Names of columns corresponding to each coefficient:  ['pickup_longitude', 'pickup_latitude', 'dropoff_longitude', 'dropoff_latitude', 'passenger_count', 'ride_distance', 'Year_2010', 'Year_2011', 'Year_2012', 'Year_2013', 'Year_2014', 'Year_2015', 'Month_2', 'Month_3', 'Month_4', 'Month_5', 'Month_6', 'Month_7', 'Month_8', 'Month_9', 'Month_10', 'Month_11', 'Month_12', 'Day_2', 'Day_3', 'Day_4', 'Day_5', 'Day_6', 'Day_7', 'Day_8', 'Day_9', 'Day_10', 'Day_11', 'Day_12', 'Day_13', 'Day_14', 'Day_15', 'Day_16', 'Day_17', 'Day_18', 'Day_19', 'Day_20', 'Day_21', 'Day_22', 'Day_23', 'Day_24', 'Day_25', 'Day_26', 'Day_27', 'Day_28', 'Day_29', 'Day_30', 'Day_31', 'Weekday_Monday', 'Weekday_Saturday', 'Weekday_Sunday', 'Weekday_Thursday', 'Weekday_Tuesday', 'Weekday_Wednesday']


In [109]:
feature_importance = pd.DataFrame(index = column_names, data = gridsearch.best_estimator_.feature_importances_, columns=["feature_importances"])
feature_importance = feature_importance.sort_values(by = 'feature_importances')

In [110]:
fig = px.bar(feature_importance)
fig.show()

14. Would the model be able to make good predictions if we hadn't included the ride distance by hand? Train a new Random Forest model (with grid search) by dropping the `ride_distance` column from the features, and conclude.

In [111]:
target_variable = "fare_amount"

X = dataset.drop([target_variable, "ride_distance"], axis = 1)
y = dataset[target_variable]

numerical_features = ['pickup_longitude', 'pickup_latitude', 'dropoff_longitude', 'dropoff_latitude', 'passenger_count']
categorical_features = ['Year', 'Month', 'Day', 'Weekday']

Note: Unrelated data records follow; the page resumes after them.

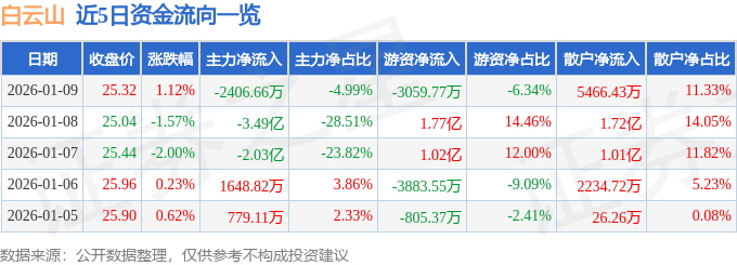 证券之星消息,截至2026年1月9日收盘,白云山(600332)报收于25.32元,上涨1.12%,换手率1.36%,成交量19.12万手,成交额4.82亿元。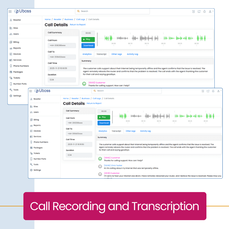 Building UCaaS services based on the Broadsoft platform allows ultimate flexibility to combine multiple other services including call recording, transcription and analytics all within a single environment.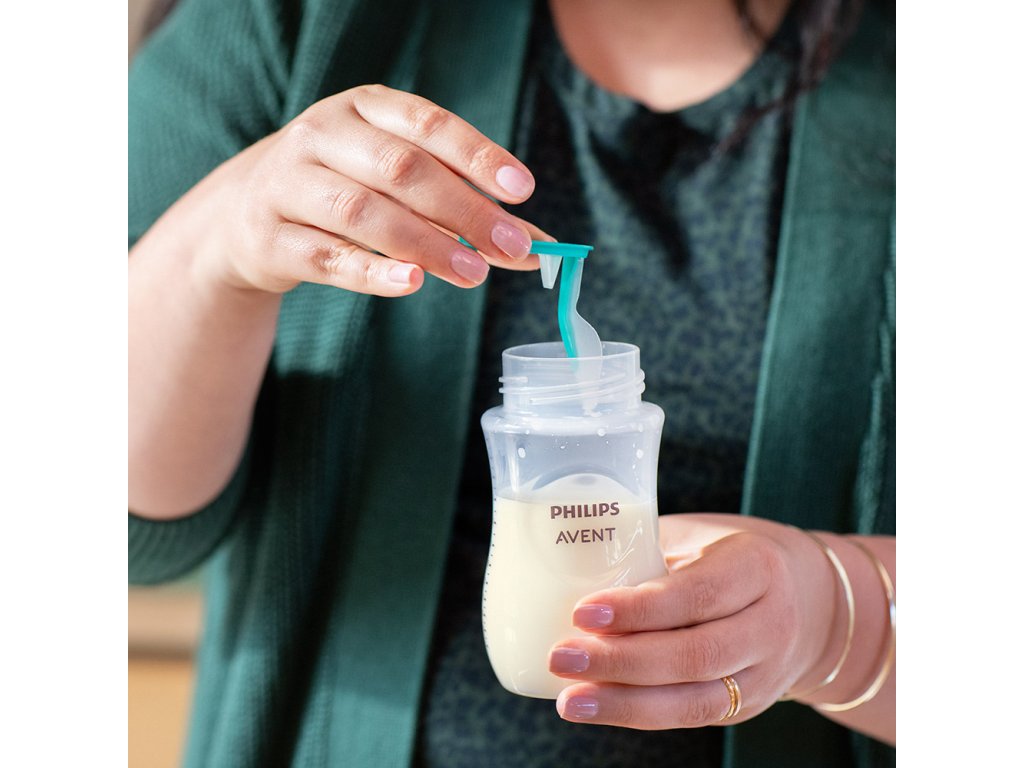 Otvor dudlíku je navržen tak, aby se z něj uvolňovalo mléko pouze při krmení dítěte. Můžete si tak být jisti, že nedojde k vylití mléka doma ani na cestách.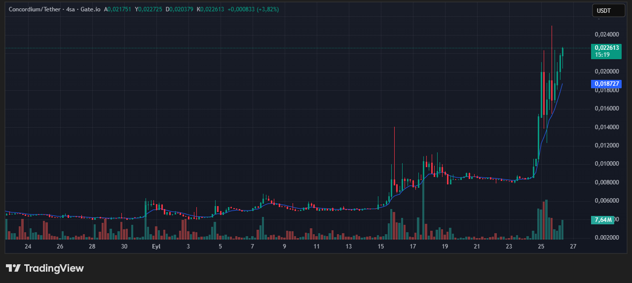 Following Hilbert’s announcement, CCD’s price surged by nearly 30%, reaching the $0.02 level. This rally highlights growing market confidence in Concordium’s long-term vision.

X_train_unproc, X_test_unproc, y_train, y_test = train_test_split(X, y, test_size=0.2)

scaler = StandardScaler()
encoder = OneHotEncoder(drop="first")

preprocessor = ColumnTransformer(
    transformers=[
        ('num', scaler, numerical_features),
        ('cat', encoder, categorical_features)
    ]
)

X_train = preprocessor.fit_transform(X_train_unproc)
X_test = preprocessor.transform(X_test_unproc)

params = {
    'max_depth': [10, 12, 14],
    'min_samples_split': [4, 8],
    'n_estimators': [60, 80, 100]
}

gridsearch =  GridSearchCV(estimator=rfr, param_grid= params, cv = 3)
gridsearch.fit(X_train, y_train)

In [112]:
print(f"R2 score on train set : {gridsearch.score(X_train, y_train)}")
print(f"Mean Absolute Error train set : {mean_absolute_error(y_train, gridsearch.predict(X_train))}")
print()
print(f"R2 score on test set : {gridsearch.score(X_test, y_test)}")
print(f"Mean Absolute Error test set : {mean_absolute_error(y_test, gridsearch.predict(X_test))}")

R2 score on train set : 0.8414339029432591
Mean Absolute Error train set : 2.5666997763020154

R2 score on test set : 0.7386447128963429
Mean Absolute Error test set : 2.9279744489821797


Better than the baseline, even without the "ride_distance" column, which is the most important feature (considering the last RandomForestRegressor).